At 08:25 PM 3/17/2004, you wrote:
On Mar 17, 2004, at 15:58, Kelly Anderson wrote:
Gnutella is decentralized; it was designed in response to the classic
Napster, which could be and was shut down by suing the server runners into
oblivion. Search requests are passed from node to node to node in a very
inefficient fashion, but once a file is out there, the original seeder
need not remain on the network. Nodes generally provide many files for
peering (often all they have ever downloaded). The system was designed for
smallish files (up to several megabytes).
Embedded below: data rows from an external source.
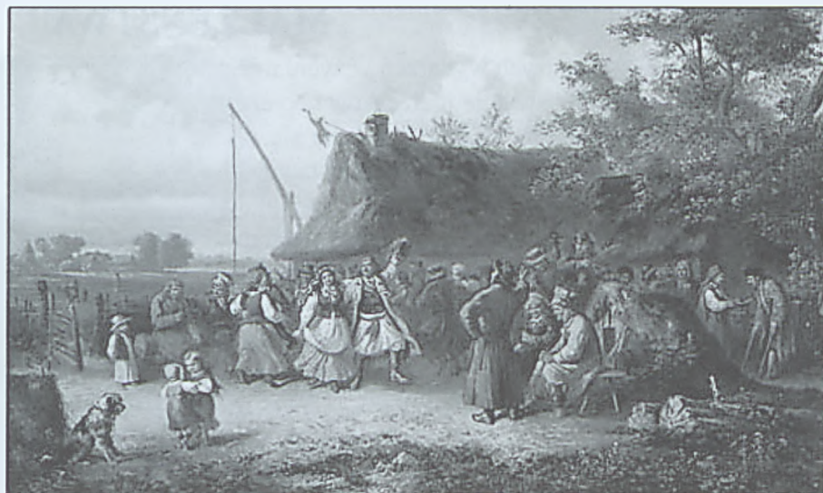
Franciszek Kostrzewski - „Wesele wiejskie z okolic Warszawy”, 1865r. olej na płótnie. (ur. Warszawa 19 kwietnia 1826 - Warszawa 30 września 1911)
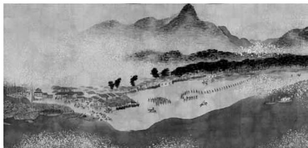
「萩両大川辺・奈古屋島辺之図」(部分) 毛利博物館蔵 絵の具の退色もなく美しい状態で残っています。
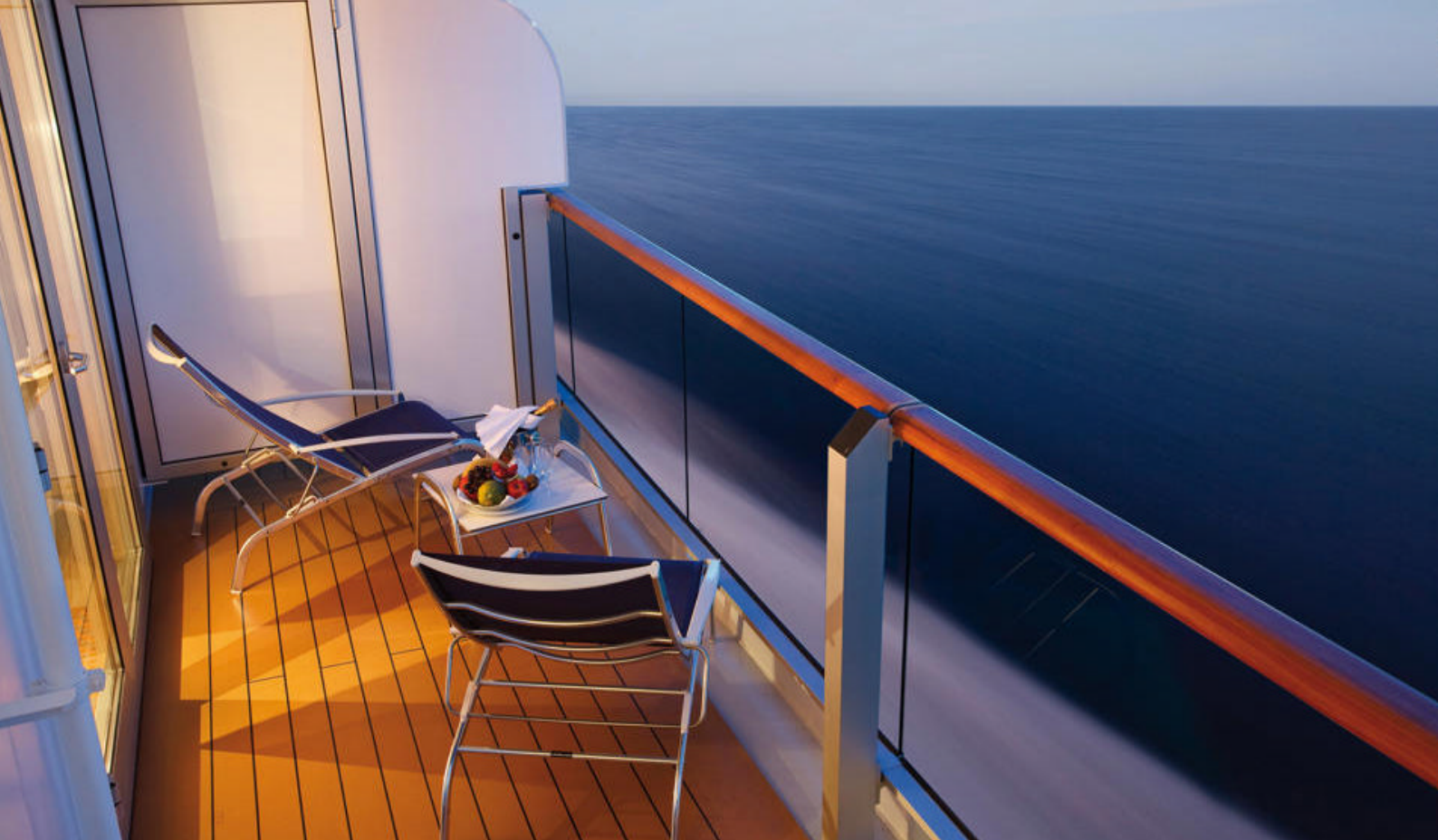
Slap af på egen balkon

Thank you for that clear explanation Brian. I think I understand better
now. Too bad that the search couldn't be somewhat more efficient... but I
get the model now.
BitTorrent is very centralized; it was designed for
legitimate
distribution of large files to many simultaneous downloaders, using
peer-to-peer transfers simply as a way to save bandwidth for the central
server. There is no searching mechanism; you must connect to the
particular tracker server managing the torrent for the file you want and
ask for it specifically. If the tracker goes offline, everything fails.
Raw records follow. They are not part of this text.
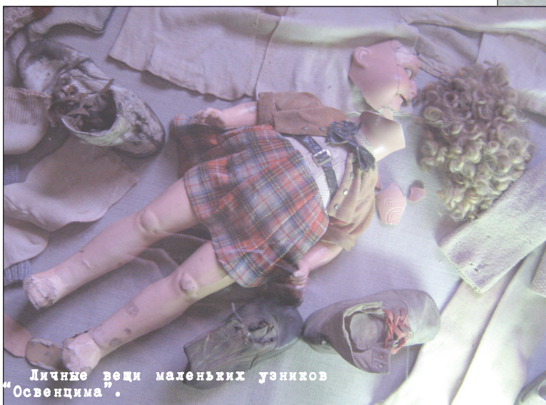
Личные вещи маленьких узников «Освенцима».
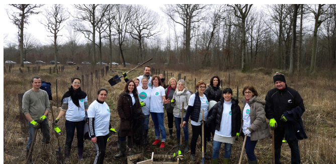
Plantation de Chêne rouvre avec Air France et le Cabinet Coudert, 23 & 30 janvier, Seine et Marne.
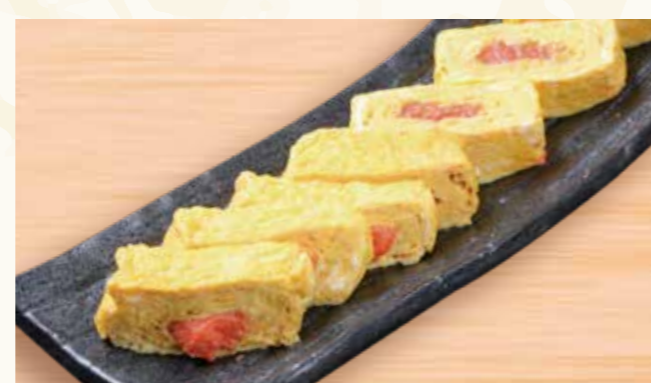
明太出汁巻き玉子 659円 (税込712円)
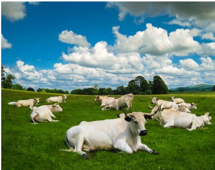
Slika 7. Odmaranje goveda s ispruženom prednjom nogom.

Krava započinje lijeganje spuštanjem glave i smještanjem jedne stražnje noge ispred druge i oslanjanjem na nju. Životinja se prvo spušta na prednja koljena te na prsnu kost i laktove. Nakon toga spušta stražnji dio tijela i prenosi težinu tijela na stražnju nogu, trup i bedro. Stabilnost joj pružaju u ovom položaju prednje noge koje su savijene (EKESBO i GUNNARSSON, 2018.; VUČEMILO i sur., 2019.).
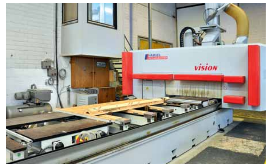
CNC-Bearbeitungszentrum „Vision-II-ST Sprint“ mit aufgespanntem Standardkrümmung

www.gussek-treppenbau.de www.reichenbacher.de
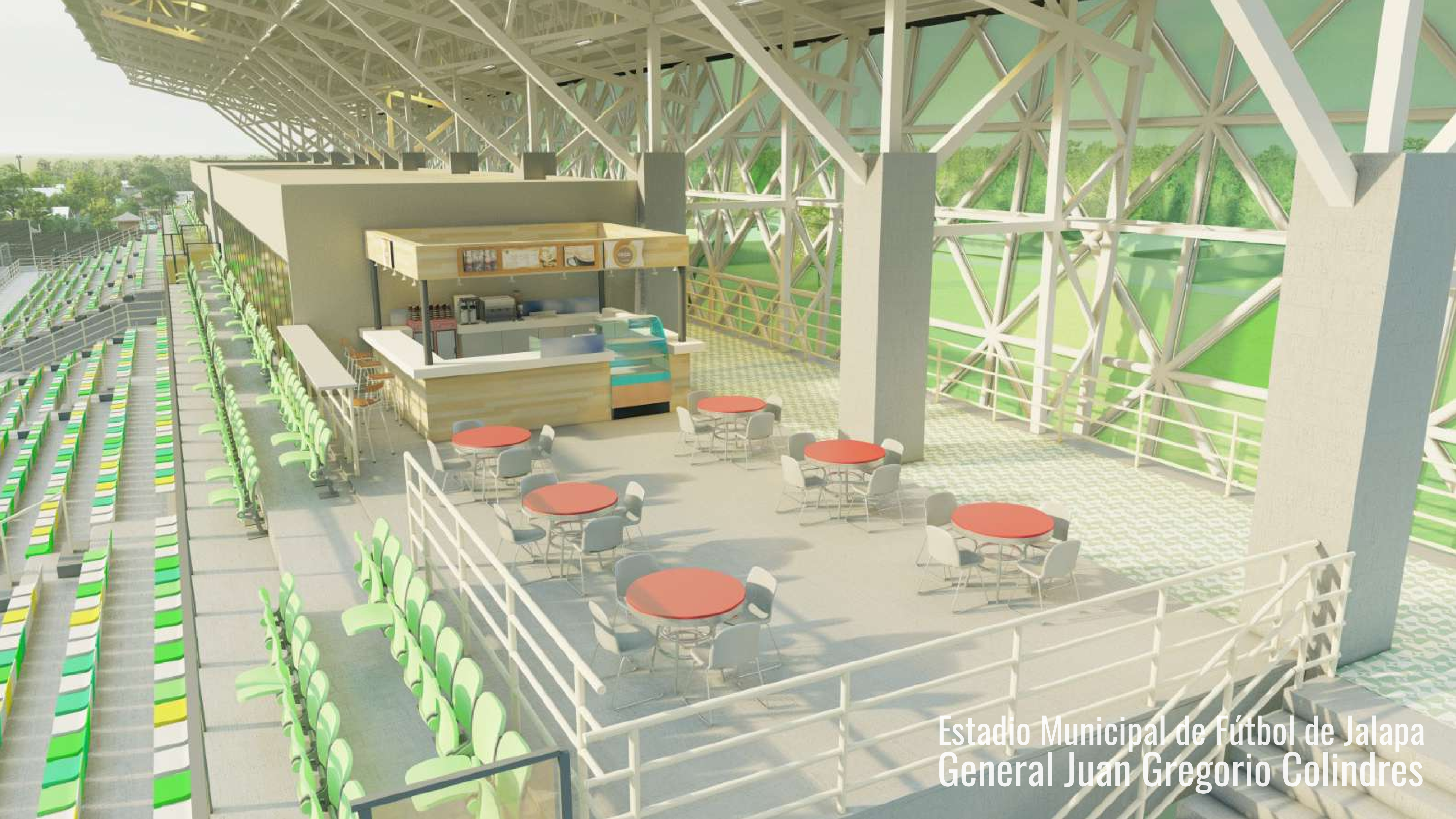
Estadio Municipal de Fútbol de Jalapa General Juan Gregorio Colindres
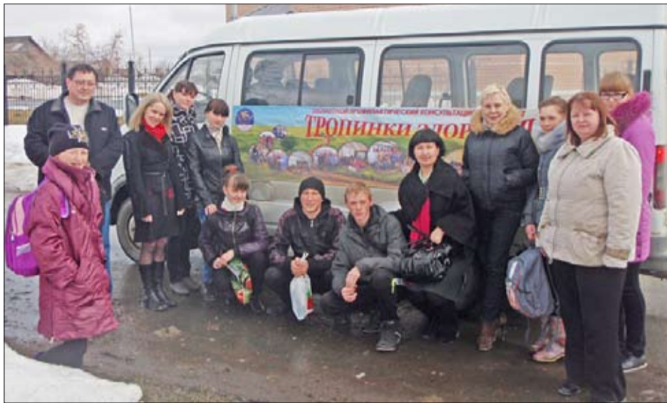
Участники акции «Тропинки здоровья»

Несколько лет в Тюменской области действует долгосрочная целевая антинаркотическая программа. Разработанный департаментом по спорту и молодёжной политике совместно с областным центром профилактики и реабилитации комплексный план мероприятий направлен на выработку у детей и подростков негативного отношения к наркотикам, пропаганду здорового образа жизни, формирование и утверждение социального позитива в молодёжной среде. Всё чаще профилактические программы успешно внедряются в учебных заведениях. Важным шагом стало создание передвижного консультативного пункта - профилактического авто-
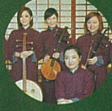
Members of the Hong Kong Chinese Orchestra 香港中樂團成員
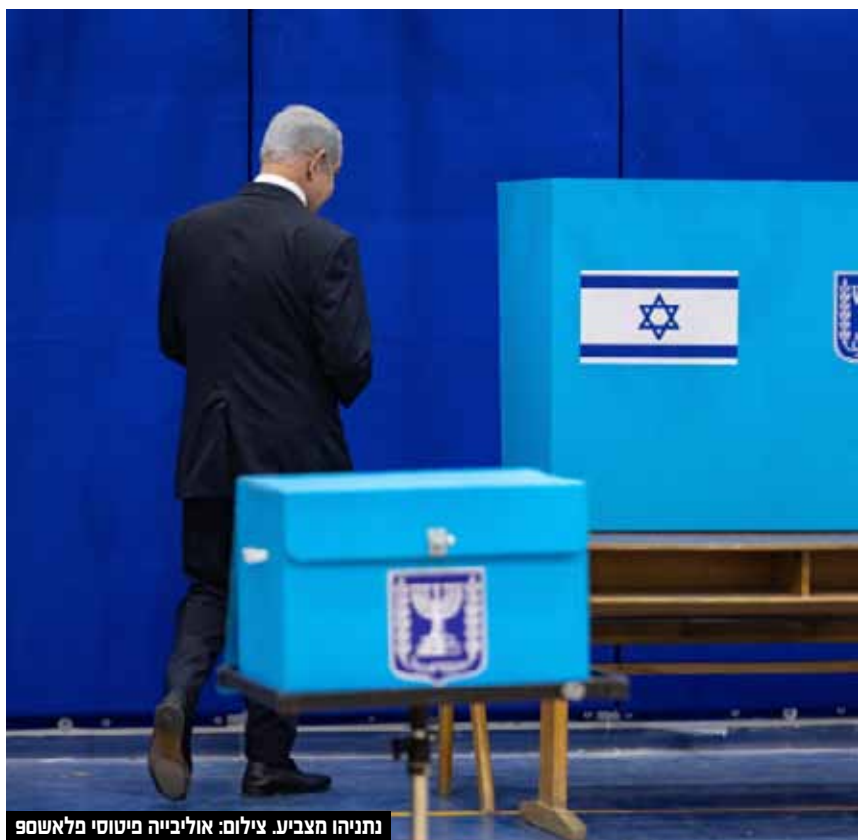
נתניהו מצביע.

הימין חייבים לצאת מהבית ולהצביע". נתניהו אמר ביציאתו מהקלפי: "נתוני הפתיחה מדאיגים, אחוזי הצבעה גבוהים יותר במעוזי יש עתיד והשמאל. קורא לליכודניקים לצאת להצביע מיד מחל".
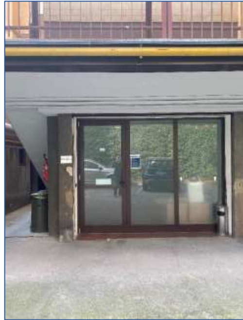
Foto 19 - ingresso
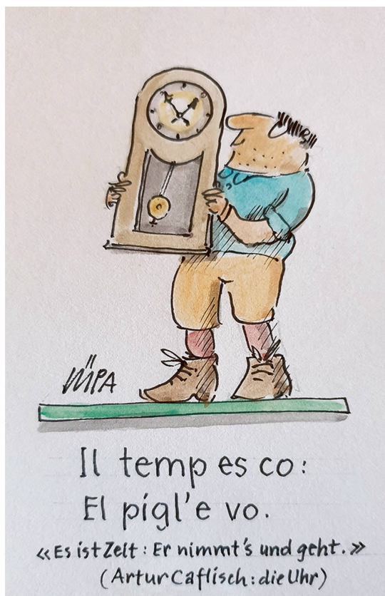
Il temp es co: El pigl'e vo. «Es ist Zeit: Er nimmt's und geht.» (Artur Capfisch: die Uhr)

Nodes only make available for peered access the files they are in progress
downloading or have very recently downloaded (and not yet closed the
window on). The system was designed for large files (tens, hundreds, or
thousands of megabytes), and fetches pieces of a file from multiple
different peers simultaneously if possible.
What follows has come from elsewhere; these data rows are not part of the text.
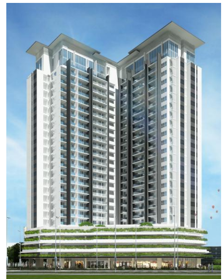
物件完成予想図(建物外観)

また、三菱地所グループはこれまでにベトナム・ホーチミン市にて計約2,000戸の住宅を分譲し、ハノイでは約1,300戸の住宅開発を行っています。ベトナムにおけるプロジェクトは初参画となる三菱地所レジデンスは、現地デベロッパーとの合弁会社を立ち上げているタイをはじめ、マレーシア、インドネシア、オーストラリアでの住宅開発事業に参画しており、現在までに参画した案件は24物件(総戸数19,000戸超)となっています。
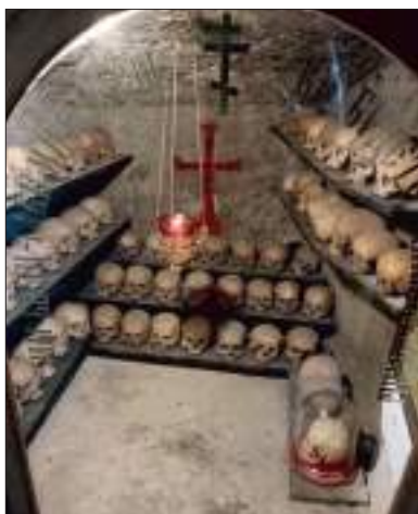
В Свято-Климентовском монастыре, Инкерман

обители начинается с I века. Наиболее древней является, возможно, пещера, высеченная самим святым Климентом – Римским папой, который был сослан в 98 году импера-
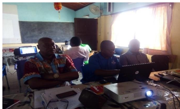
EQUIPE INSPECTION ENSEIGNEMENT ET SS. IGS
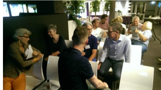
Speedmeet tijdens eerdere bijeenkomst

We zagen in mei drie interessante presentaties: Ten eerste Stichting Urgente Noden (SUN Nederland), de Woonbond (Energie) en de eerste informatie over de Voorzieningenwijzer .
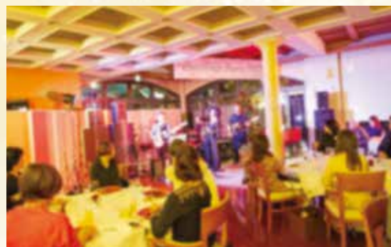
8つの円卓を配置し、ゆったりと歓談とお食事をお楽しみ頂きました。
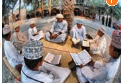
انس با قرآن کریم در کشورهای یمن ①، عمان ② و امارات ③
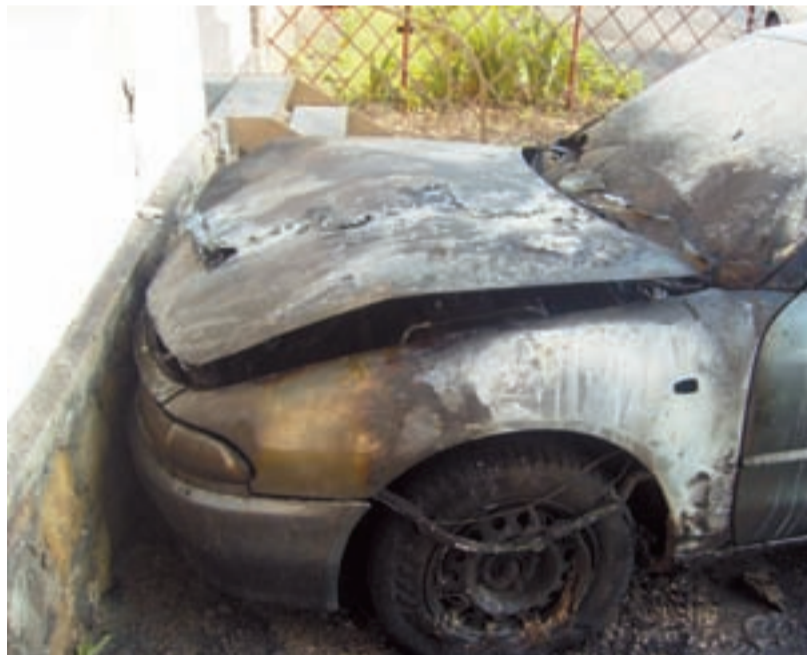
ŠOK. Zápalná láhev dopadla na auto veterinářky a zcela je zničila.

MUGLINOV/ Automobil zaparkovaný těsně u domu a veterinární ordinace ostravské zvěrolékařky MVDr. Barbory Jelonkové v Ostravě-Muglinově se stal 1. května ve tři hodiny ráno terčem útoku neznámých pachatelů, kteří na přední sklo auta hodili zápalnou lahev.
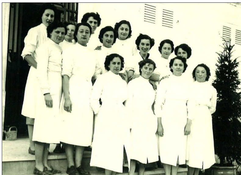
Elles travaillaient à « Grand'Ouche » (1951) :
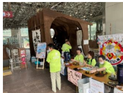
令和6年度のイベントの様子

令和7年5月31日(土) 7月12日(土) 8月9日(土) 9月13日(土) 10月11日(土) 11月8日(土) の6日間
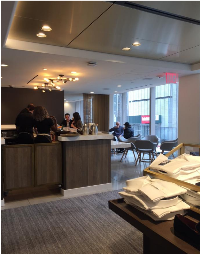
セントラルパークを臨むカフェ
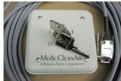
Стандартный пульт дист. управления с ключом, положения 0 - 1 - 2 - 3 - 4
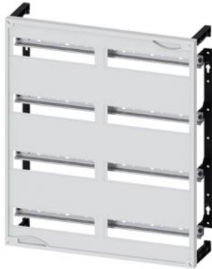
ALPHA 400/630/1250 DIN Einbausatz Installationseinbaugeräte Reihenabstand 150mm H=600mm, B=500mm

While it is true that BitTorrent does not have a search facility, I believe
it is relatively easy to duplicate the torrent file so that it becomes
decentralized. In fact, I believe it to be the case that once you have an
entire copy of the file in question, you become a new seeder, although I'm
unclear if that automatically gives you a new distributable version of the
torrent file. I think it doesn't as you say.
Don't know anything about Ares.
It's a little commercial program more similar to Gnutella than BitTorrent,
as per the discussion here.
Would someone
who is familiar with both Gnutella and Bittorrent tell me
why using Bittorrent for such a project would be stupid? It would
certainly use less of Wikipedia's already strained bandwidth.
The overhead of torrenting individual articles or PDF booklets on
particular subjects from Wikipedia would likely far outweigh simple HTTP,
particularly since it's generally unlikely that many people would be
downloading the same (small) file (out of many thousands available)
simultaneously.
Agreed, we were talking though about distributing the entire database, or
large portions of it (like all the images). For this, BitTorrent would be
perfect. The centralized nature isn't a problem since there is only really
one source of the information.
Hypothetically it might be useful for distributing
large bulk dumps (such
as the current database dumps), if and only if more than one person at a
time is likely to be downloading them.
Precisely. Although typically with BitTorrent people leave the connection
open to upload at least as much as they download, even if that may take
much longer. It's a feature of at least some of the BitTorrent clients. All
in all, BitTorrent is IMHO a very cool file distribution mechanism.
Bandwidth really isn't a problem for Wikipedia; we
use a fair amount of it
(compared to Joe Bob's homepage, not compared to Yahoo) but it's not
"strained".
I guess I was using "bandwidth" in a more generic sense, including CPU time
and so forth. From the response times I normally get from Wikipedia,
something is generally straining... (I have a broadband connection, and it
happens relatively consistently, so I'm relatively sure the issue is mostly
with the server.) This is not to disrespect Wikipedia or WikiMedia, just
that in my personal experience it is just not as responsive as say Ebay or
Amazon or similar sites. I must say that I'm somewhat surprised at this
with all the hardware that has obviously been thrown at the problem of
late. Perhaps the issue is just PHP... I don't know. Wikis that I've set up
(which typically only have a dozen users admittedly) seem to have good
response times, so I don't think it's the code per se, but rather the load.
In any case, my thought was that BitTorrent would be a good way to
distribute large Wikipedia files without impacting any of the existing
servers in a substantial fashion.
-Kelly